TASK INSTRUCTIONS ▸
Output the records exactly, and drop each picture.

TASK INPUTS ▸
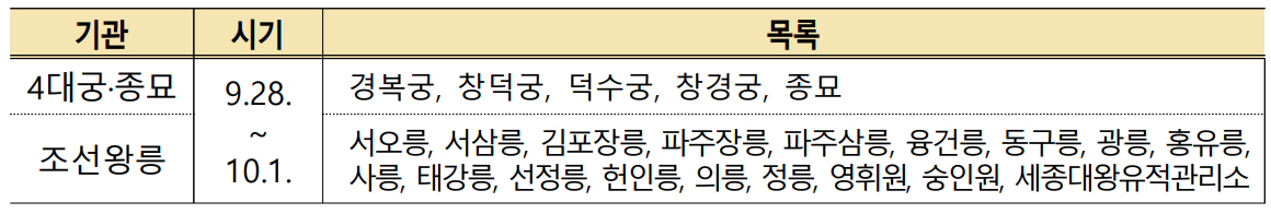 4대 궁, 종묘 및 조선왕릉이 9.28~10.1로 경복궁, 창덕궁, 덕수궁, 창경궁, 종묘, 서오릉, 서삼릉, 김포장릉, 파주장릉, 파주삼릉, 융건릉, 동구릉, 광릉, 홍유릉, 사릉, 태강릉, 선정릉, 헌정릉, 의릉, 정릉, 영휘원, 숭인원, 세종대왕유적관리소등 무료개방합니다.
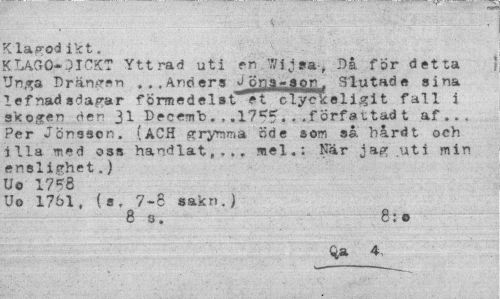 //// Klagodikt. //// KlACrO-DTCKT Ytt rad uti en"Wijsa-, Då för detta Unga Drämren . . . And er 9 ^öria-son Slutade sina lefnadsdagar förmedelst et clyckeligit fall i skogen den 31 Decemb.. .1755,•.författad t af... Per Jönsson. (ACH grymma öde som så hårdt och illa med oss handlat»... mel.; När jag .uti min ensli.rrhet.) Uo 17c8 //// Uo 1761, (a. 7-8 aakn.j //// 8 s. 8:0 //// <<a 4. ////
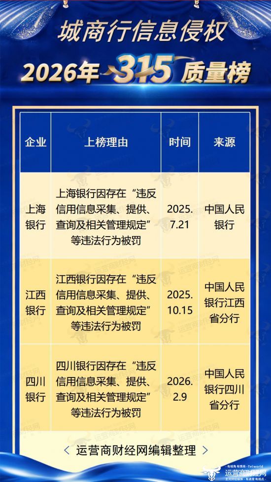 从榜单来看,2025年到2026年2月,先后有上海银行、江西银行、四川银行,三家城商行因“违反信用信息采集、提供、查询及相关管理规定”被央行及其分支机构处罚,反映出地方性银行在个人信息保护方面仍存在明显的制度漏洞和执行短板。
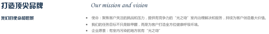 2012年公司斥巨資從德國專業空氣研發(fā)實驗室引進銳鈦型納米二氧化鈦研發(fā)成果,同時與國內知名高校進行合作,成立“光之吻”品牌,致力于為人類創作純凈,健康的呼吸環(huán)境,成為你身邊的健康衛士,實現365天健康呼吸的夢想,目前是同類產品中最有競爭力的品牌之一。
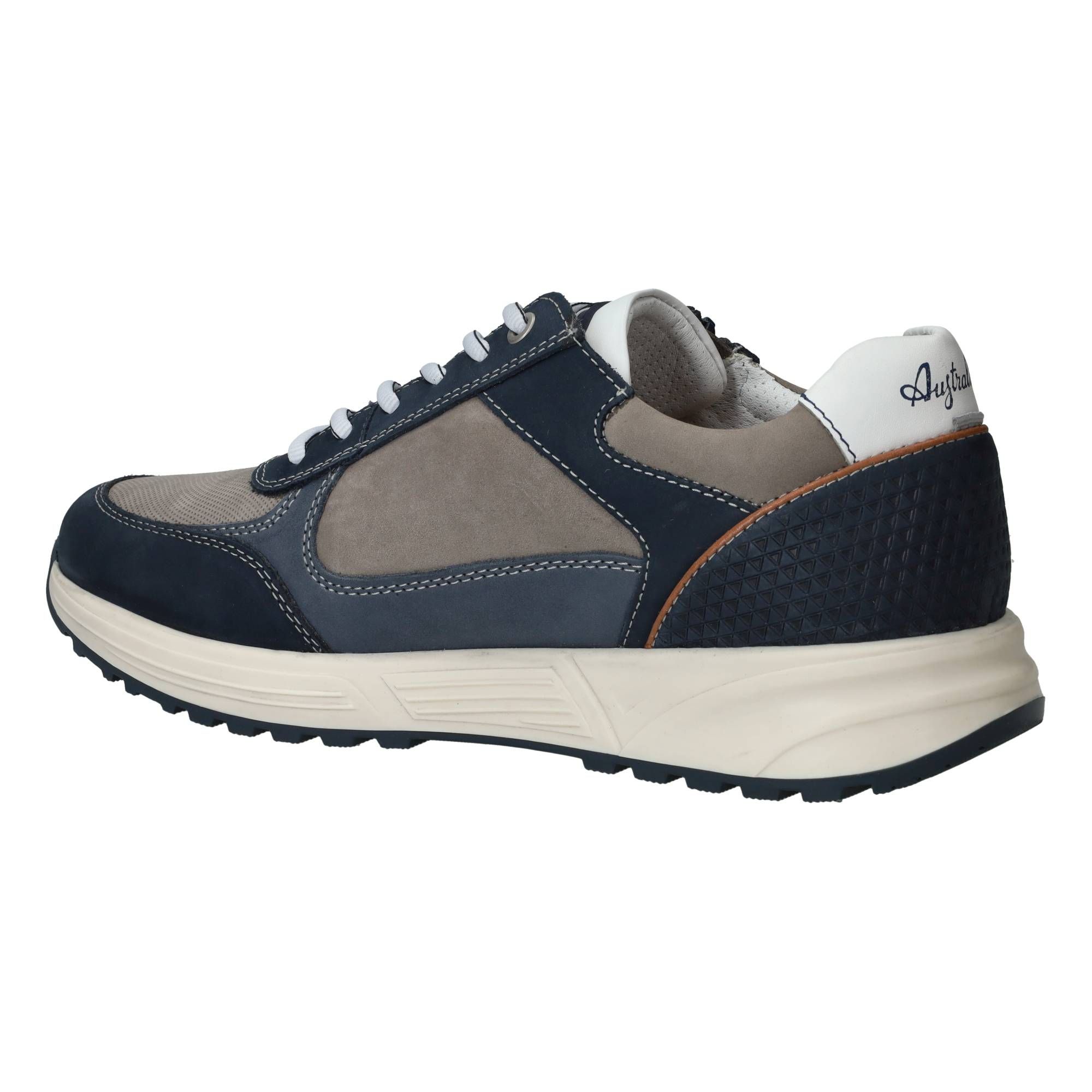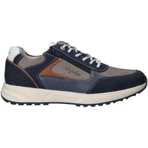 De heren sneakers van Australian, model Australian Hawker, zijn een stijlvolle toevoeging aan elke garderobe, uitgevoerd in een diepblauwe kleur die zowel tijdloos als modern aanvoelt. Deze schoenen combineren het beste van twee werelden: het sportieve van sneakers met het geklede van een nette schoen. Het model heeft een klassieke vetersluiting, aangevuld met een handige rits aan de zijkant, waardoor je de schoen gemakkelijk aan- en uittrekt zonder elke keer de veters opnieuw te hoeven strikken. Het soepele leer vormt zich prettig naar de voet en zorgt voor een comfortabele pasvorm, terwijl de zool een fijne demping biedt die elke stap verzacht en zo bijdraagt aan een rustig loopgevoel gedurende de dag.- De vetersluiting en extra ritssluiting zorgen ervoor dat de schoen goed aansluit en je hem toch gemakkelijk aan- en uit kunt doen.
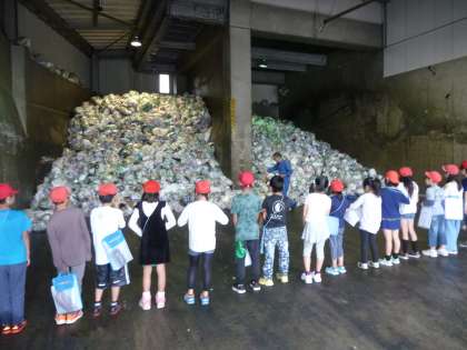 あいにくの雨と,花火大会のために予定していた道が封鎖されていたこともあり,大変な道中でしたが,たくさんのことを学んでくることができたと思います。ぜひご家庭でも,子どもたちの学びを生かして,ごみの分別を実践していただければと思います。
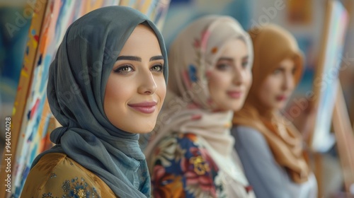 Middle Eastern women wearing hijab and their Asian and European friends attend a painting workshop to explore their creativity
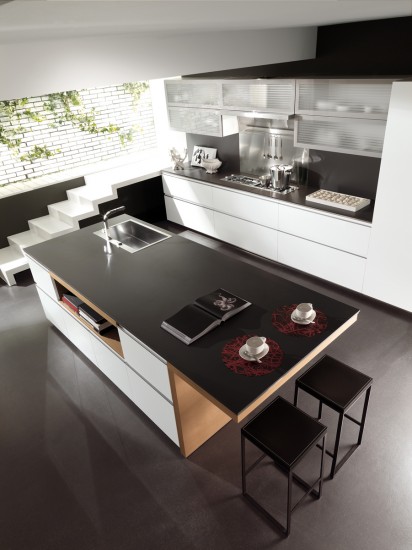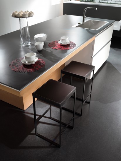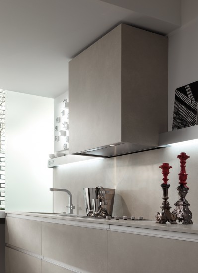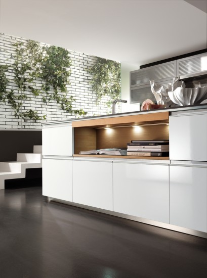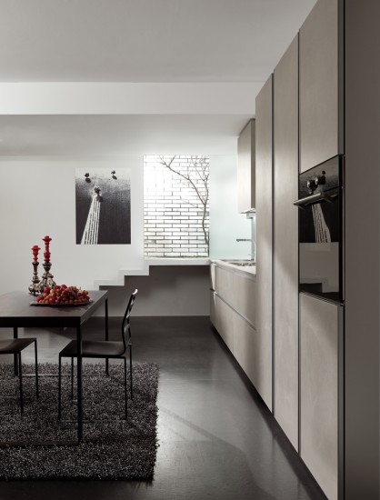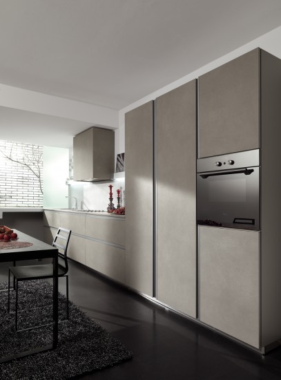 Η απάντηση στα παραπάνω νέα δεδομένα είναι ο επανασχεδιασμός των όγκων όλων των ερμαρίων από την αρχή. Έτσι το μπάζο γίνεται μόλις 6 εκατοστά ύψος. Αυτό έχει σαν αποτέλεσμα να δημιουργούνται ψηλότερα ερμάρια κρεμαστά και βάσεως, περισσότερος χώρος που μαζί με το πάχος των πορτών (25 mm) και την ενσωματωμένη χειρολαβή η κουζίνα αποκτά νέα αισθητική.
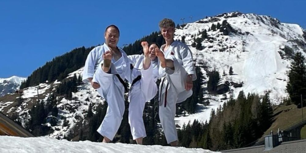 Das erste Training liess dann auch nicht lange auf sich warten und schon flossen die Schweissperlen das erste Mal zwischen Haut und Gi hinunter. Die Trainings waren insgesamt interessant und lehrreich. Als Special-Event galt natürlich Kens Trainingseinheit, vermochte er doch unseren Karatekas wieder einmal ein Training ganz nach japanischem Gusto zu vermitteln. Nach dem letzten Training am Samstag verblüffte Sonja mit folgender Idee: “Wir könnten mit Ken noch aufs Schilthorn, oder zumindest bis zur Zwischenstation fahren und eins trinken gehen.” Dort angekommen und nach erfolgtem Trailbesuch versuchten wir vergeblich, die Tür zur Beiz zu öffnen… Alles dunkel und seelenruhig. Geschlossen. Flexibel wie Bündner im Berner Oberland sind, fuhr uns kurzerhand ein Bahnangestellter aufs Schilthorn, wo wir gemütlich mit Ken noch unser langersehntes Trünkli schlürfen konnten.
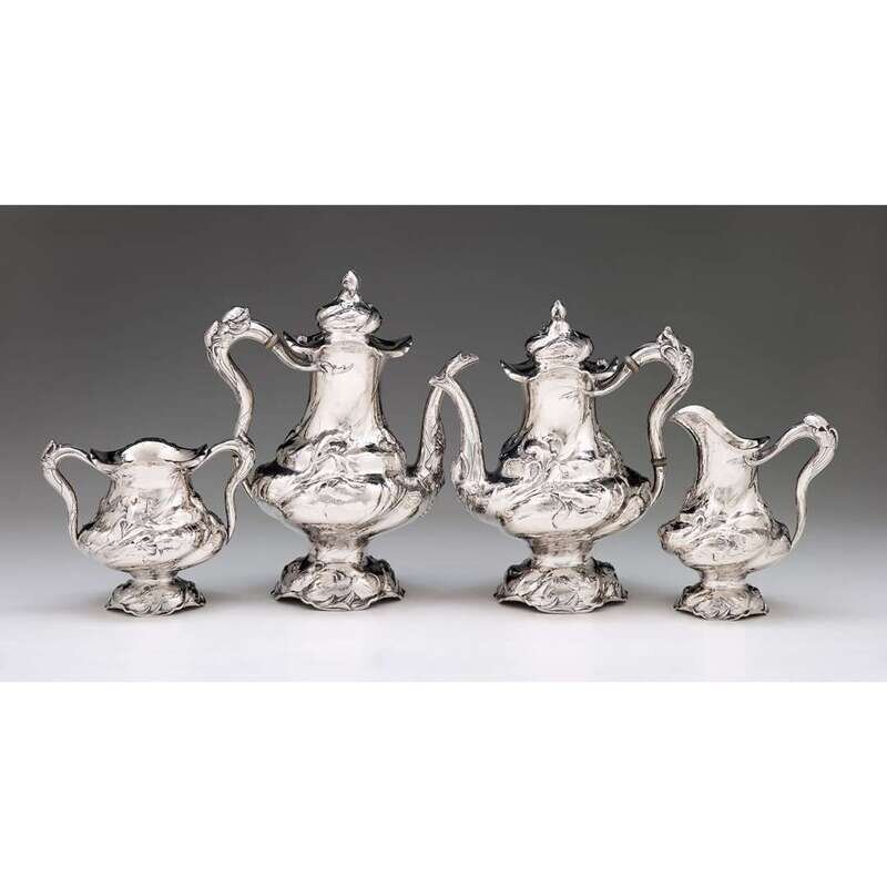 Fine and rare four piece .950 standard silver 'Art Nouveau' tea and coffee service reed & barton, taunton, ma, circa 1928

RESULT FOR THIS EXERCISE ▸
 4대 궁, 종묘 및 조선왕릉이 9.28~10.1로 경복궁, 창덕궁, 덕수궁, 창경궁, 종묘, 서오릉, 서삼릉, 김포장릉, 파주장릉, 파주삼릉, 융건릉, 동구릉, 광릉, 홍유릉, 사릉, 태강릉, 선정릉, 헌정릉, 의릉, 정릉, 영휘원, 숭인원, 세종대왕유적관리소등 무료개방합니다.
 //// Klagodikt. //// KlACrO-DTCKT Ytt rad uti en"Wijsa-, Då för detta Unga Drämren . . . And er 9 ^öria-son Slutade sina lefnadsdagar förmedelst et clyckeligit fall i skogen den 31 Decemb.. .1755,•.författad t af... Per Jönsson. (ACH grymma öde som så hårdt och illa med oss handlat»... mel.; När jag .uti min ensli.rrhet.) Uo 17c8 //// Uo 1761, (a. 7-8 aakn.j //// 8 s. 8:0 //// <<a 4. ////
 从榜单来看,2025年到2026年2月,先后有上海银行、江西银行、四川银行,三家城商行因“违反信用信息采集、提供、查询及相关管理规定”被央行及其分支机构处罚,反映出地方性银行在个人信息保护方面仍存在明显的制度漏洞和执行短板。
 2012年公司斥巨資從德國專業空氣研發(fā)實驗室引進銳鈦型納米二氧化鈦研發(fā)成果,同時與國內知名高校進行合作,成立“光之吻”品牌,致力于為人類創作純凈,健康的呼吸環(huán)境,成為你身邊的健康衛士,實現365天健康呼吸的夢想,目前是同類產品中最有競爭力的品牌之一。
 De heren sneakers van Australian, model Australian Hawker, zijn een stijlvolle toevoeging aan elke garderobe, uitgevoerd in een diepblauwe kleur die zowel tijdloos als modern aanvoelt. Deze schoenen combineren het beste van twee werelden: het sportieve van sneakers met het geklede van een nette schoen. Het model heeft een klassieke vetersluiting, aangevuld met een handige rits aan de zijkant, waardoor je de schoen gemakkelijk aan- en uittrekt zonder elke keer de veters opnieuw te hoeven strikken. Het soepele leer vormt zich prettig naar de voet en zorgt voor een comfortabele pasvorm, terwijl de zool een fijne demping biedt die elke stap verzacht en zo bijdraagt aan een rustig loopgevoel gedurende de dag.- De vetersluiting en extra ritssluiting zorgen ervoor dat de schoen goed aansluit en je hem toch gemakkelijk aan- en uit kunt doen.
 あいにくの雨と,花火大会のために予定していた道が封鎖されていたこともあり,大変な道中でしたが,たくさんのことを学んでくることができたと思います。ぜひご家庭でも,子どもたちの学びを生かして,ごみの分別を実践していただければと思います。
 Middle Eastern women wearing hijab and their Asian and European friends attend a painting workshop to explore their creativity
 Η απάντηση στα παραπάνω νέα δεδομένα είναι ο επανασχεδιασμός των όγκων όλων των ερμαρίων από την αρχή. Έτσι το μπάζο γίνεται μόλις 6 εκατοστά ύψος. Αυτό έχει σαν αποτέλεσμα να δημιουργούνται ψηλότερα ερμάρια κρεμαστά και βάσεως, περισσότερος χώρος που μαζί με το πάχος των πορτών (25 mm) και την ενσωματωμένη χειρολαβή η κουζίνα αποκτά νέα αισθητική.
 Das erste Training liess dann auch nicht lange auf sich warten und schon flossen die Schweissperlen das erste Mal zwischen Haut und Gi hinunter. Die Trainings waren insgesamt interessant und lehrreich. Als Special-Event galt natürlich Kens Trainingseinheit, vermochte er doch unseren Karatekas wieder einmal ein Training ganz nach japanischem Gusto zu vermitteln. Nach dem letzten Training am Samstag verblüffte Sonja mit folgender Idee: “Wir könnten mit Ken noch aufs Schilthorn, oder zumindest bis zur Zwischenstation fahren und eins trinken gehen.” Dort angekommen und nach erfolgtem Trailbesuch versuchten wir vergeblich, die Tür zur Beiz zu öffnen… Alles dunkel und seelenruhig. Geschlossen. Flexibel wie Bündner im Berner Oberland sind, fuhr uns kurzerhand ein Bahnangestellter aufs Schilthorn, wo wir gemütlich mit Ken noch unser langersehntes Trünkli schlürfen konnten.
 Fine and rare four piece .950 standard silver 'Art Nouveau' tea and coffee service reed & barton, taunton, ma, circa 1928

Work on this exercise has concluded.